Heartbreaking documentary by Kristina Lindstrom and Kristian Petri about Bjorn Andresen, who won the part of Tadzio in Luchino Visconti’s 1971 Death in Venice. Visconti went on a world-wide search for the beautiful object of obsession for Dirk Bogarde’s Gustav von Aschenbach. The shots of all these young boys trotted out in front of Visconti in schools across Europe is weird enough but when shy, teenage Bjorn Andresen is asked to remove his shirt in front of the director and his staff your skin begins to crawl.
Visconti warned his whole crew that it was “hands off” Andresen during the making of the film, but afterwards Bjorn was catapulted to dizzying stardom. In Japan, the androgynous-looking Bjorn became a pop legend and was memorialized in Manga comics.
But the documentary investigates the tragedies and inner demons that followed Andresen afterwards.
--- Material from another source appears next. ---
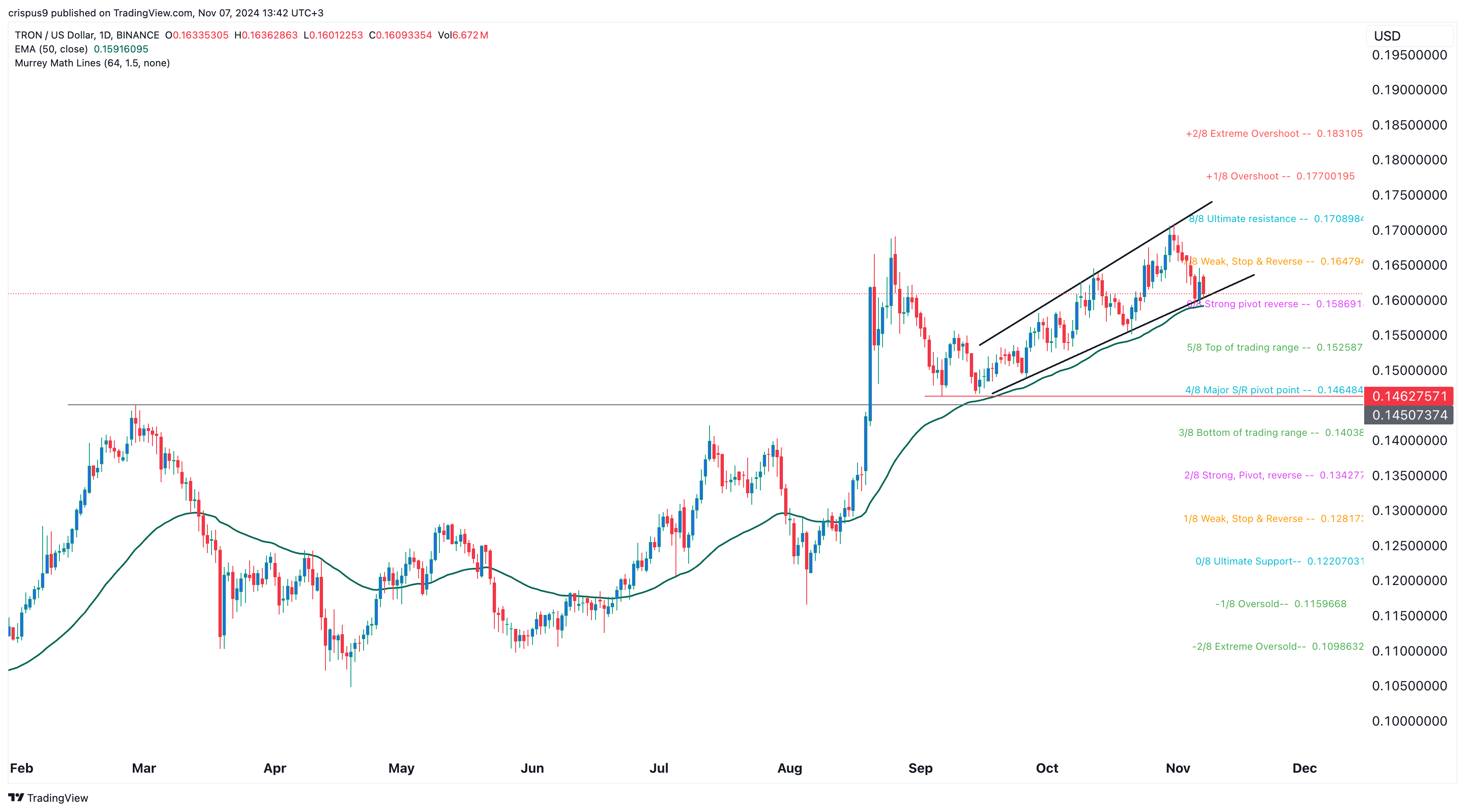 Therefore, Tron bulls will need to ensure that the Tron price remains above the lower side of this pattern in the near term. This lower side also coincides with the strong pivot reverse point of the Murrey Math Lines and the 50-day Exponential Moving Average (EMA).
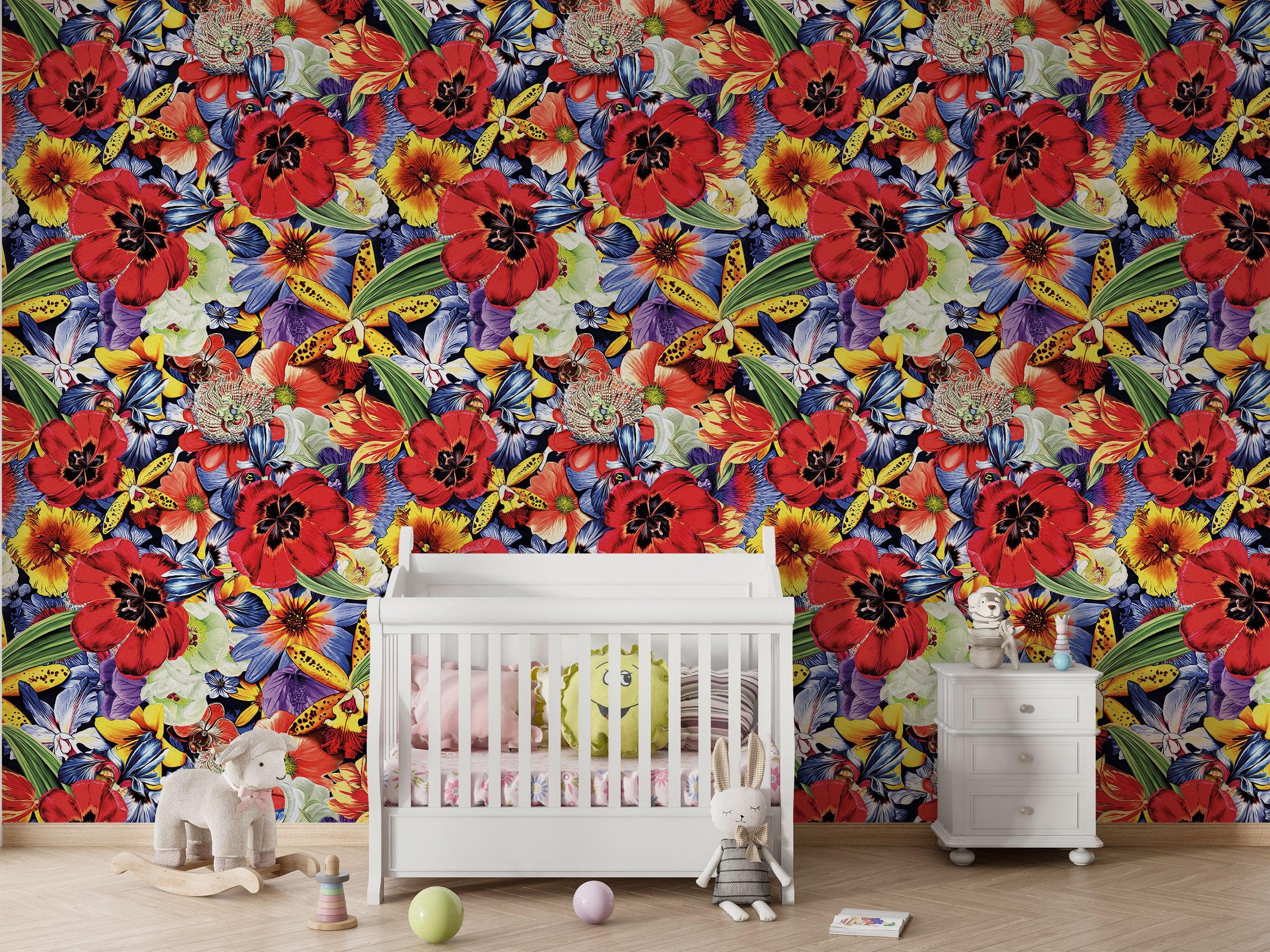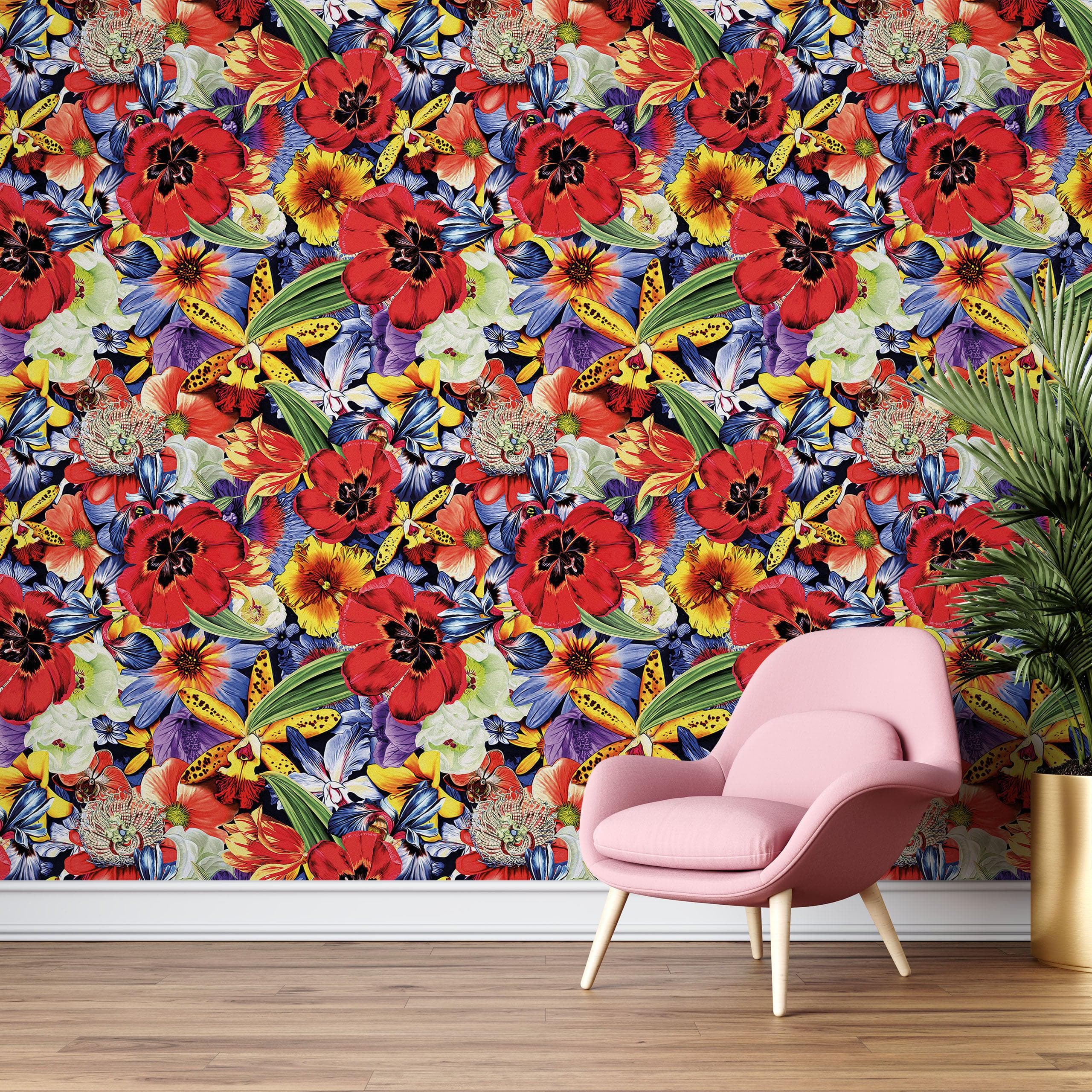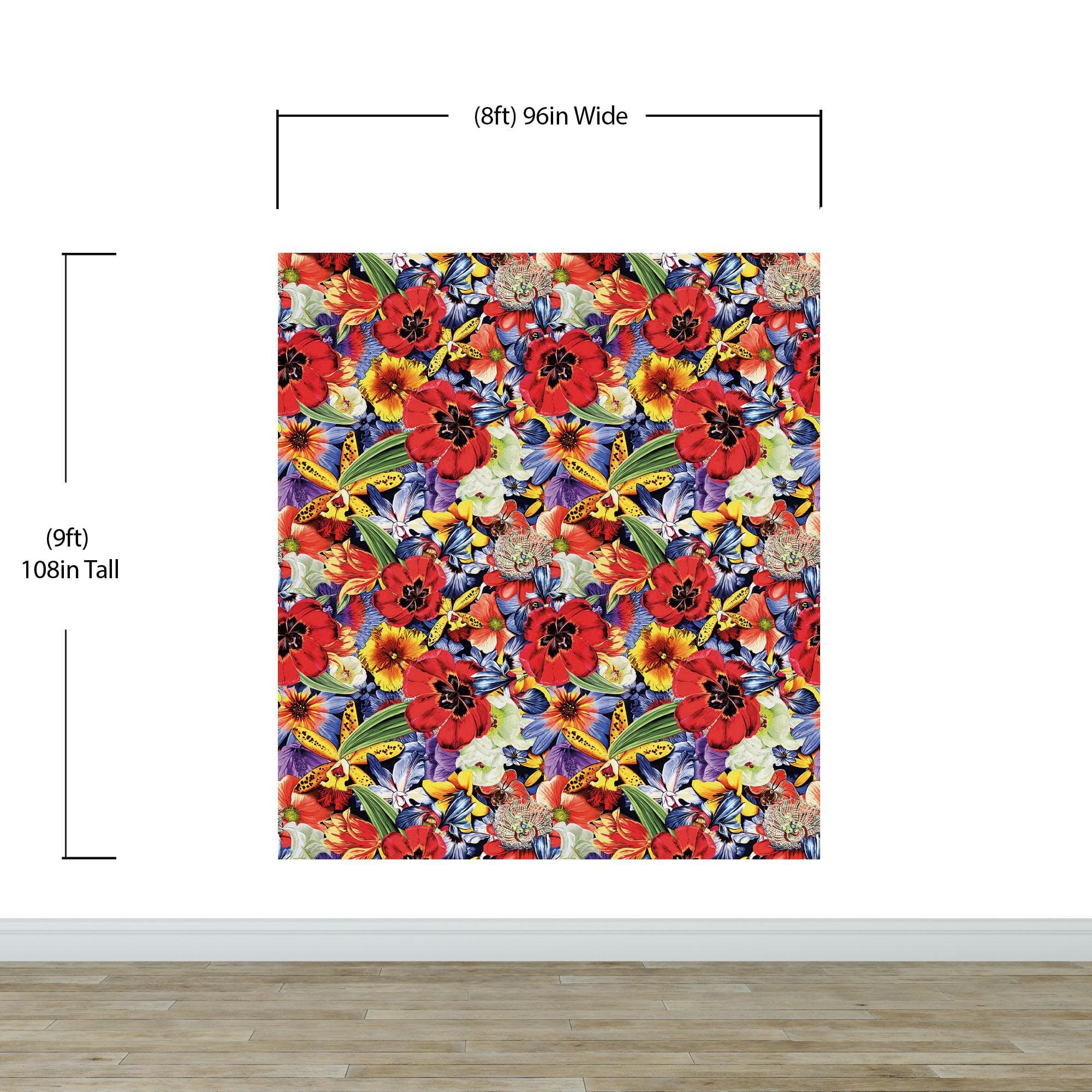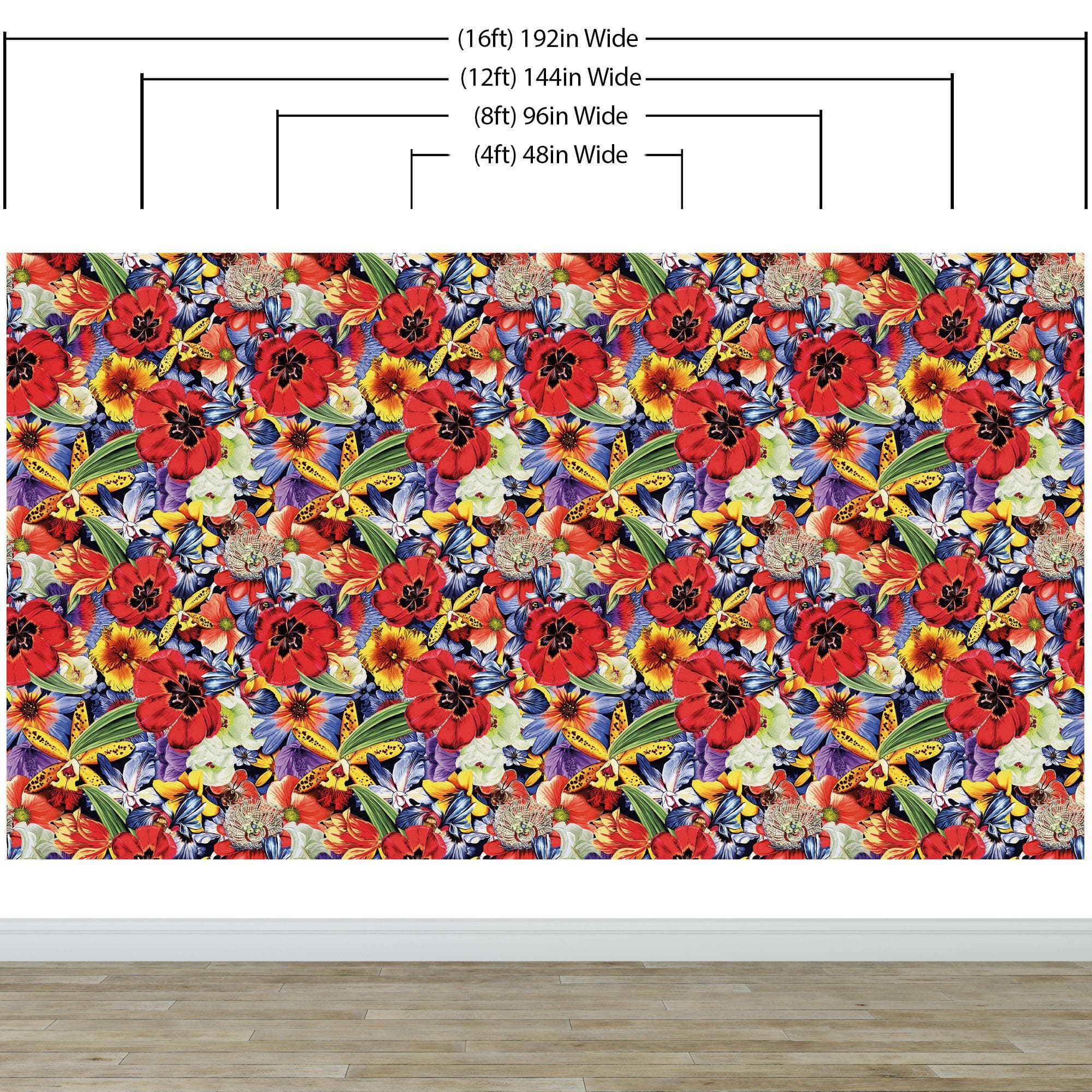 Colorful Blooming Flower Wall Mural. Tropical Floral Design Pattern Peel and Stick Wallpaper. #6370

One’s heart is broken by many of his stories and as we follow the bedraggled, long-haired Andresen smoking in his apartment and wistfully chronicling his difficult life.
It’s hard to say this is a cautionary tale because it’s impossible to imagine the same kind of convergence of elements of child stardom, but this film will haunt your dreams.
(Opening this Friday Sept. 24th at the Quad Cinema).
In the mid 70s when I lived in LA, I went to a fashion show with some friends at the Hollywood Palladium. We were early so we went upstairs to the bar and seated there was Bjorn Andresen.
I recognized him from Death in Venice and, yes, he was the most beautiful boy in the world!